Items from a dataset
=== Begin Enclosure ===

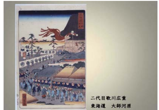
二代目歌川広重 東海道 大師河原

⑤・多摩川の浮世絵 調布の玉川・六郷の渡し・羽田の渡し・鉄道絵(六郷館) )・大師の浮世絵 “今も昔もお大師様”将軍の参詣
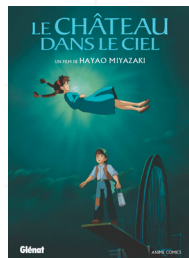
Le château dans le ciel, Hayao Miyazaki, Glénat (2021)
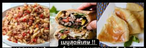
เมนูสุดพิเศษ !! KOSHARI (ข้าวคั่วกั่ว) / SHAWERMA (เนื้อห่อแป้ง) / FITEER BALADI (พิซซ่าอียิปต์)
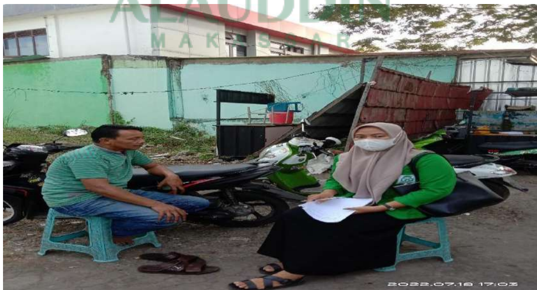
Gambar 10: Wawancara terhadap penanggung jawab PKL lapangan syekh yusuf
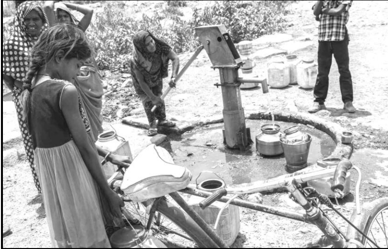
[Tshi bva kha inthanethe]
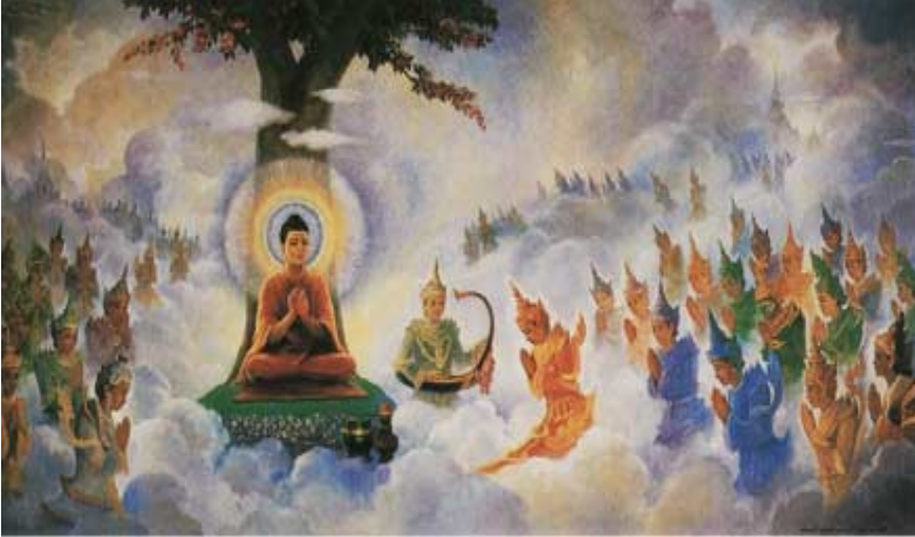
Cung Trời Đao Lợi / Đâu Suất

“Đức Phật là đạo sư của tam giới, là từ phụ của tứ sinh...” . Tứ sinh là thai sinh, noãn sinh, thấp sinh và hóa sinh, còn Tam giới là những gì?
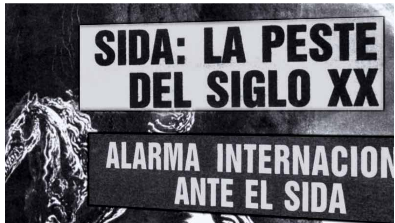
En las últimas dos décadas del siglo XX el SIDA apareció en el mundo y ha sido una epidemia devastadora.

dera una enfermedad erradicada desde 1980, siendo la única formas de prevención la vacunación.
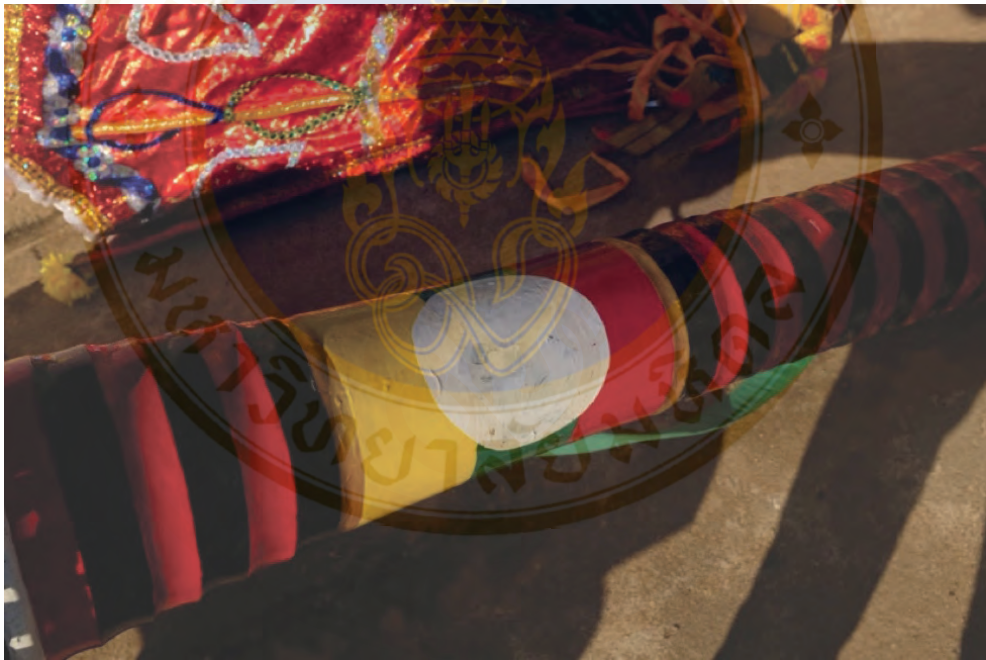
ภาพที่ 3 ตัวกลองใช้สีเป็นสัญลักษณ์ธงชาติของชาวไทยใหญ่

=== End Enclosure ===
=== Begin Enclosure ===

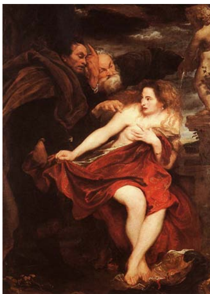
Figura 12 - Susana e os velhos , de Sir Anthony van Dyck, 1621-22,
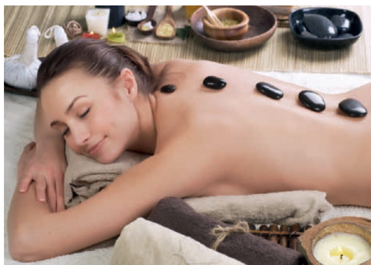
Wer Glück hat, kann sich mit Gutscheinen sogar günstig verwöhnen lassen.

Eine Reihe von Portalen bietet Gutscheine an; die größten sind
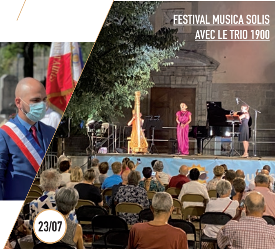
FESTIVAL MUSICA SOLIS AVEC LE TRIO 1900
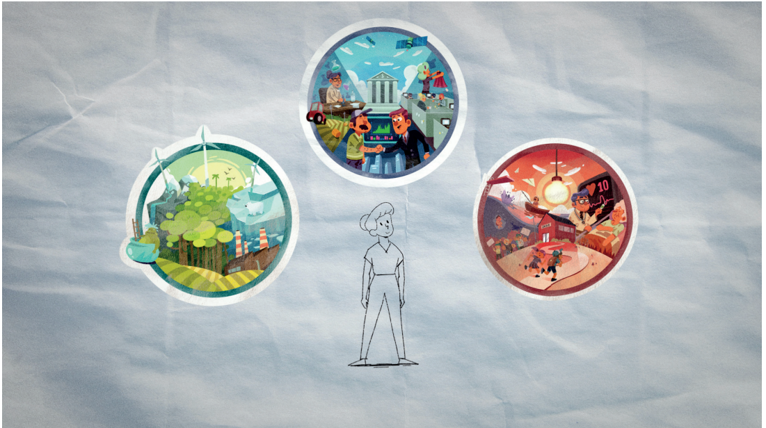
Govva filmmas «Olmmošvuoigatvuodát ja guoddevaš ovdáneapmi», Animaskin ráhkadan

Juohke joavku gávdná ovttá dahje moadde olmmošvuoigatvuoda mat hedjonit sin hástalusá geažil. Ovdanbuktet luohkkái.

=== End Enclosure ===

Nothing but the lines from the one with "Le château dans" to the one with "ภาพที่ 3 ตัวกลองใช้สีเป็นสัญลักษณ์ธงชาติของชาวไทยใหญ่" above, both included, should be transcribed, exactly and without pictures.

__TASK RESULT__.
Le château dans le ciel, Hayao Miyazaki, Glénat (2021)
เมนูสุดพิเศษ !! KOSHARI (ข้าวคั่วกั่ว) / SHAWERMA (เนื้อห่อแป้ง) / FITEER BALADI (พิซซ่าอียิปต์)
Gambar 10: Wawancara terhadap penanggung jawab PKL lapangan syekh yusuf
[Tshi bva kha inthanethe]
Cung Trời Đao Lợi / Đâu Suất

“Đức Phật là đạo sư của tam giới, là từ phụ của tứ sinh...” . Tứ sinh là thai sinh, noãn sinh, thấp sinh và hóa sinh, còn Tam giới là những gì?
En las últimas dos décadas del siglo XX el SIDA apareció en el mundo y ha sido una epidemia devastadora.

dera una enfermedad erradicada desde 1980, siendo la única formas de prevención la vacunación.
ภาพที่ 3 ตัวกลองใช้สีเป็นสัญลักษณ์ธงชาติของชาวไทยใหญ่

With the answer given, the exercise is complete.